__What to produce__:
Word for word, reproduce all entries below, leaving every picture out.

__Given records__:
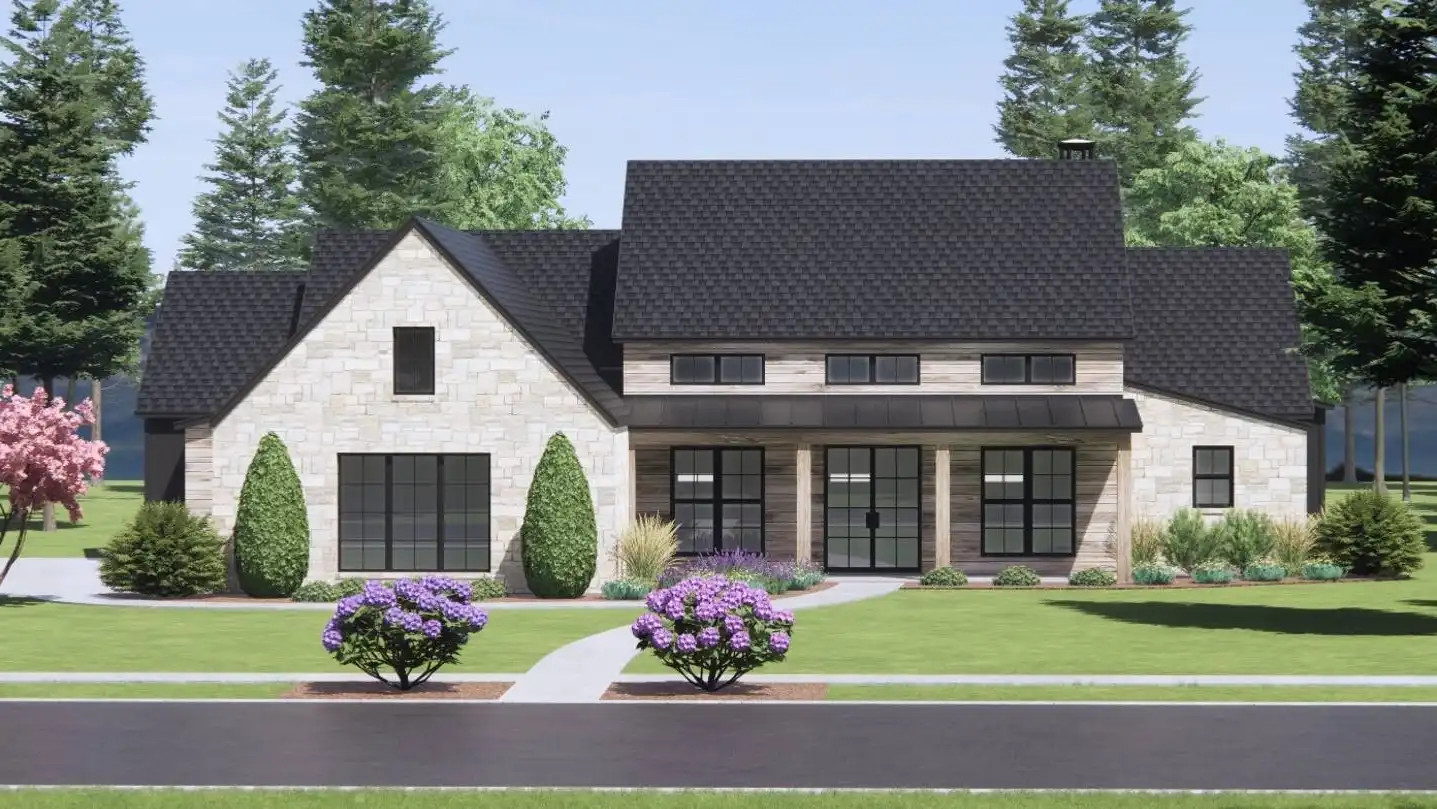 Need a one-story home with rustic character and a great layout for today's families? See what House Plan 9198 has to offer behind its stone and wood facade! It provides 3,028 square feet in a split-bedroom layout. The center of the floor plan includes the common areas, including the study off the foyer and the totally open-concept great room with an island kitchen and a vaulted living and dining. On the side behind the garage, you'll find the luxurious primary suite with a vaulted bedroom, a vaulted five-piece bathroom, and a walk-in closet that connects to the laundry. The other three bedroom suites are across the house. One is in the front hallway while the other two are in the back. There's also a large back porch with access from the great room, primary bedroom, and back hallway to really blur the lines between indoors and out!
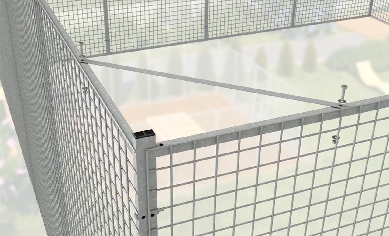 Takhållaren används för att skapa en stabil konstruktion för tak, nät eller skydd och är perfekt både för hundgårdar och hönsgårdar. Den hjälper effektivt till att hålla fåglar och andra djur borta och ökar samtidigt säkerheten i hela gården.
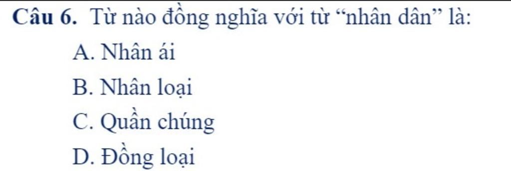 Câu 6: Từ đồng nghĩa với từ "nhân dân" là:
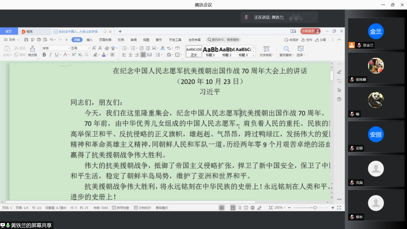2021年8月18日,测绘遥感信息学院教师第二党支部在腾讯会议召开党史学习会议,学习习近平总书记在2020年10月23日发表的《在纪念中国人民志愿军抗美援朝出国作战70周年大会上的讲话》。会议由党支部书记黄铁兰老师主持,支部全体党员老师共同参加学习。
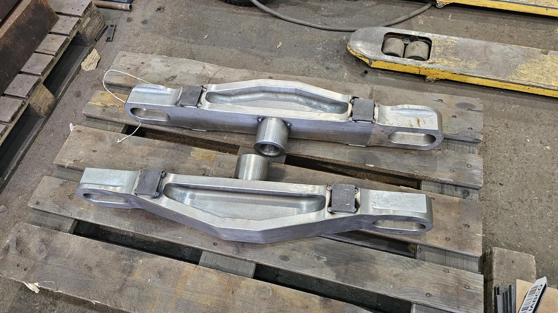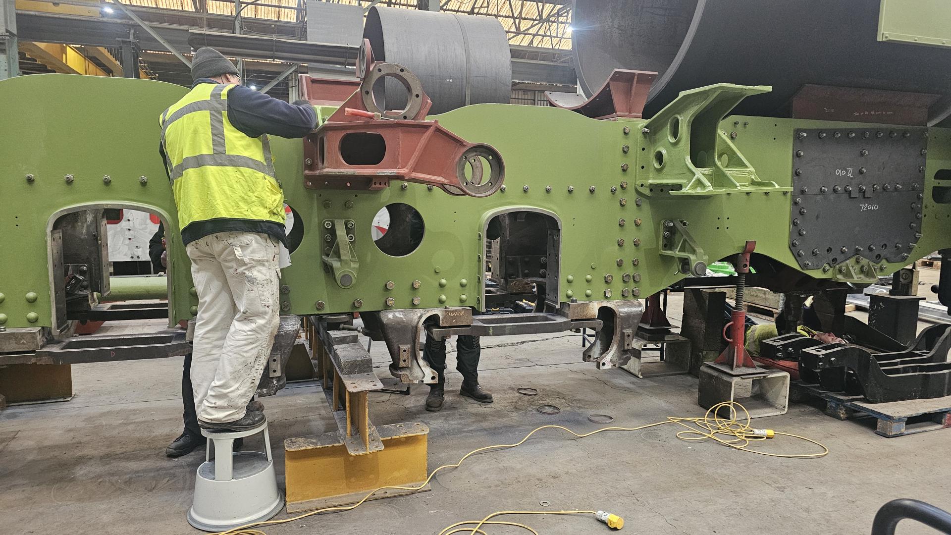 | Welding of the pony truck spring beams has been started at CTL Seal. The manganese liner plates have been tack welded to the sides of the spring beam. These will act as bearing surfaces to similar manganese steel plates welded to the sides of plates on the pony truck frame. Spigots have also been tack welded to the bottom of the spring beam. Full welding is scheduled to follow soon. | |
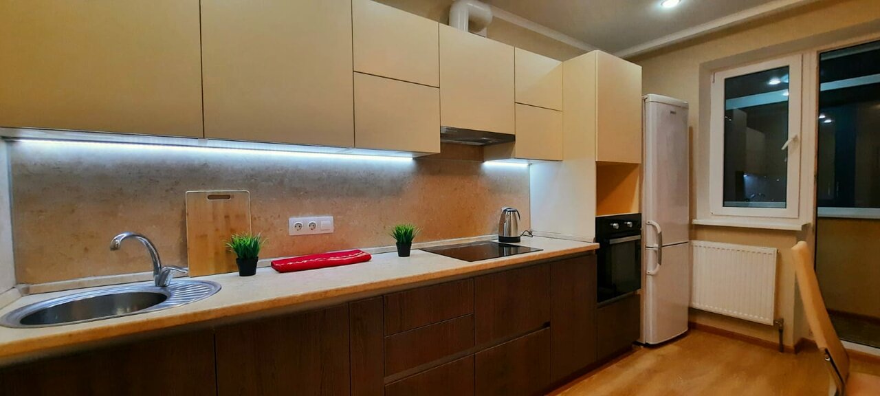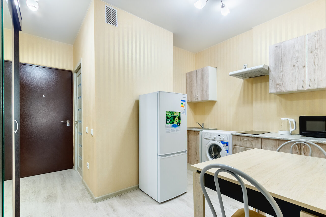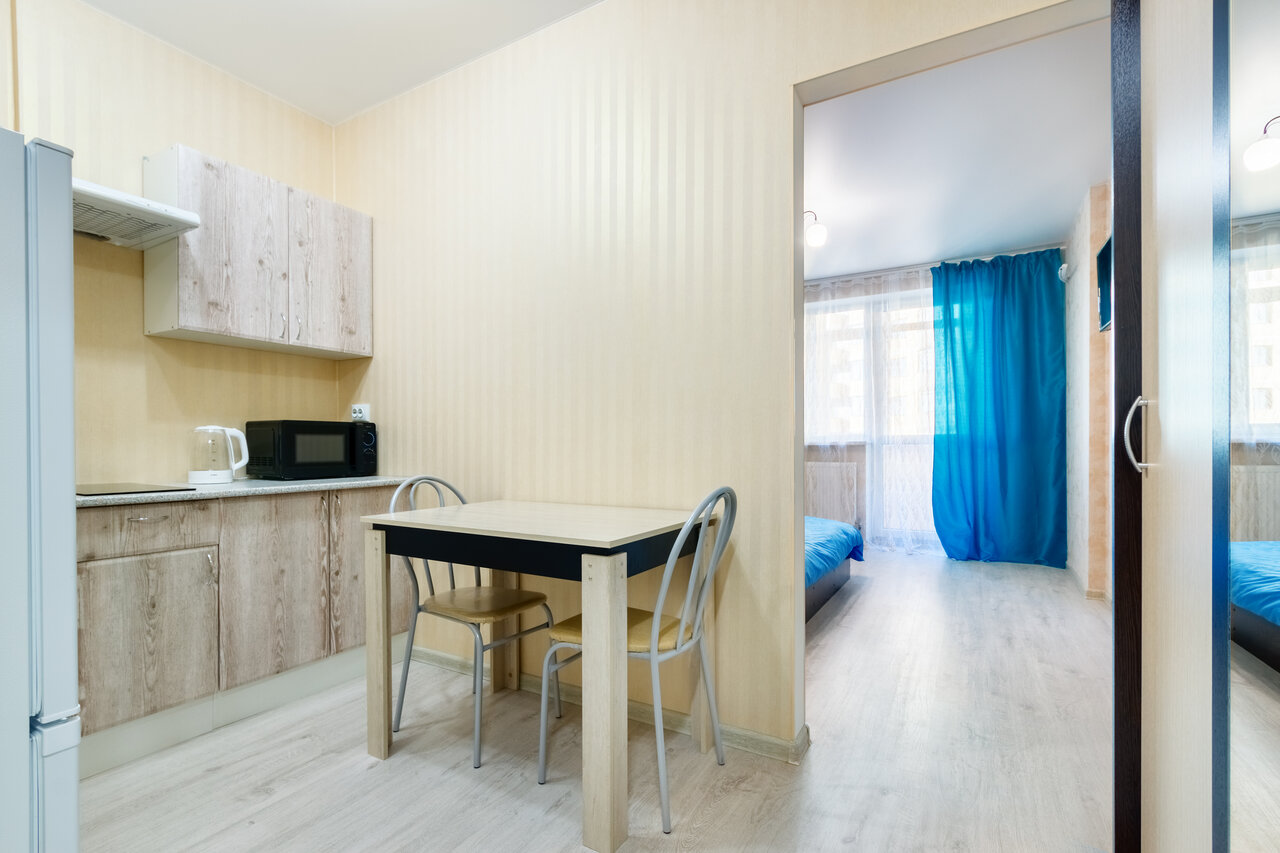 Отличная квартира на двоих. Все есть, посуда, полотенца, кухонные принадлежности, банные принадлежности. Просто супер!! На территории жк магазины, рядом много супермаркетов, транспортная развязка отличная. Рекомендую!!

__Response below__:
 Need a one-story home with rustic character and a great layout for today's families? See what House Plan 9198 has to offer behind its stone and wood facade! It provides 3,028 square feet in a split-bedroom layout. The center of the floor plan includes the common areas, including the study off the foyer and the totally open-concept great room with an island kitchen and a vaulted living and dining. On the side behind the garage, you'll find the luxurious primary suite with a vaulted bedroom, a vaulted five-piece bathroom, and a walk-in closet that connects to the laundry. The other three bedroom suites are across the house. One is in the front hallway while the other two are in the back. There's also a large back porch with access from the great room, primary bedroom, and back hallway to really blur the lines between indoors and out!
 Takhållaren används för att skapa en stabil konstruktion för tak, nät eller skydd och är perfekt både för hundgårdar och hönsgårdar. Den hjälper effektivt till att hålla fåglar och andra djur borta och ökar samtidigt säkerheten i hela gården.
 Câu 6: Từ đồng nghĩa với từ "nhân dân" là:
2021年8月18日,测绘遥感信息学院教师第二党支部在腾讯会议召开党史学习会议,学习习近平总书记在2020年10月23日发表的《在纪念中国人民志愿军抗美援朝出国作战70周年大会上的讲话》。会议由党支部书记黄铁兰老师主持,支部全体党员老师共同参加学习。
 | Welding of the pony truck spring beams has been started at CTL Seal. The manganese liner plates have been tack welded to the sides of the spring beam. These will act as bearing surfaces to similar manganese steel plates welded to the sides of plates on the pony truck frame. Spigots have also been tack welded to the bottom of the spring beam. Full welding is scheduled to follow soon. | |
 Отличная квартира на двоих. Все есть, посуда, полотенца, кухонные принадлежности, банные принадлежности. Просто супер!! На территории жк магазины, рядом много супермаркетов, транспортная развязка отличная. Рекомендую!!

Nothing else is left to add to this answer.